Pernah atau sedang bimbang karena harus memilih mengikuti suami pindah ke kota/negara lain dengan resiko meninggalkan karir atau memilih menjalankan Long Distance Marriage? Saya kepikiran menulis ini setelah beberapa saat yang lalu membaca tweet dari @FeminaMagazines. Nggak cuman transisi dari bekerja menjadi tinggal di rumah yang bisa
bikin stress. Pindah ke kota lain yang memiliki fasilitas mini dari kota
selama ini kita tinggal lebih-lebih menimbulkan stress buat saya.
Tapi, kemana pun kita pergi, tentu kita yang harus berusaha beradaptasi. Saya mau curhat cerita. Saya sendiri memilih yang pertama. Memilih mengikuti suami pindah ke kota lain dan meninggalkan karir.
Kenapa?
Alasan utama atas nama cinta *digebuki massa* Hahaha.....nggak, mikirnya enggak sesimple itu sih. 7 tahun pacaran kami itu LDR (Surabaya - Jakarta, Surabaya - Manado, Jombang - Jakarta, Surabaya - Bitung). Selama LDR juga jarang banget ketemu karena jadwal kerjaan suka nggak singkron. Alhamdulillah bisa juga sampe di pelaminan. Saya juga heran. Pertimbangan lain, suami itu 'kontrak kerjanya' sebagai abdi negara, bersedia ditempatkan dimana saja di Indonesia raya ini. Iya kalo pilihan kotanya Surabaya, Bandung, Yogya. Pilihan kotanya termasuk di luar pulau jawa dan you know, fasilitasnya agak lebih mini dibanding di Jawa. (Kelak) kesenjangan fasilitas ini bisa saja memaksa kami menjalani long distance marriage.
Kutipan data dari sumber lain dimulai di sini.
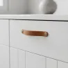 Kožne ručke za namještaj izrađene su od prave kože, poznate po svojoj trajnosti i eleganciji. Ovaj je materijal ne samo lijep na pogled, već i otporan na habanje. Pažljivo su izrađene kako bi osigurale dug vijek trajanja i jedinstven izgled.
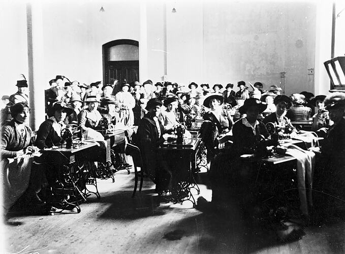 A number of women using sewing machines in a hall. They are being watched by a large group of other women. This may be a wartime photograph.

Makanya diputuskan selama bisa bersama, ya tinggal di satu atap.
Ok, cukup curcolnya.
Ikut pasangan pindah kerja ke kota lain, ada material & immaterial costnya. Material cost : menerima kehilangan penghasilan sendiri. Immaterial cost, misalnya kehilangan prestise, image, jejaring sosial. Belum lagi yang sedang di 'puncak karier', bayangan berkarier sebagai Ibu Rumah Tangga mungkn sedikit menakutkan. Belum lagi yang memiliki 'pressure' dari keluarga ; anak perempuan disekolahin tinggi-tinggi masak berakhir di rumah. Hehehe.....
Nah, sedikit tips biar stressnya nggak keterlaluan ketika pindah di tempat baru :
1. Anda + suami + (anak) lebih memiliki kualitas dan kuantitas bersama.
Dibandingkan long distance marriage, tinggal satu atap memungkinkan keluarga untuk berinteraksi lebih sering, kan?
2. Turunkan standar
Errr....ini yang susah. Ketika pindah di tempat sekarang saya tinggal ini yang PALING bikin stres. Penyedia jasa di sini leletnya kebangetan, listrik dan air juga nggak seberlimpah di jawa, walo tinggal di perumahan paling kece saluran air dan udaranya jauh dari standar kesehatan. Lha di kompleks ga ada selokan --"
3. Punya Me Time
Yang masih bisa jadi freelancer, diperbolehkan sekali. Tetap lakukan hobi anda, siapa tahu jadi duit di tempat baru. Merawat diri sendiri juga jadi pilihan menarik.
4. Jalin silahturahmi
Ini nih yang bisa jadi penyeimbang. Tetap jalin komunikasi dengan rekan-rekan anda semasa bekerja (siapa tahu bisa jadi project tiban) dan cari teman-teman baru untuk mempermudah adaptasi.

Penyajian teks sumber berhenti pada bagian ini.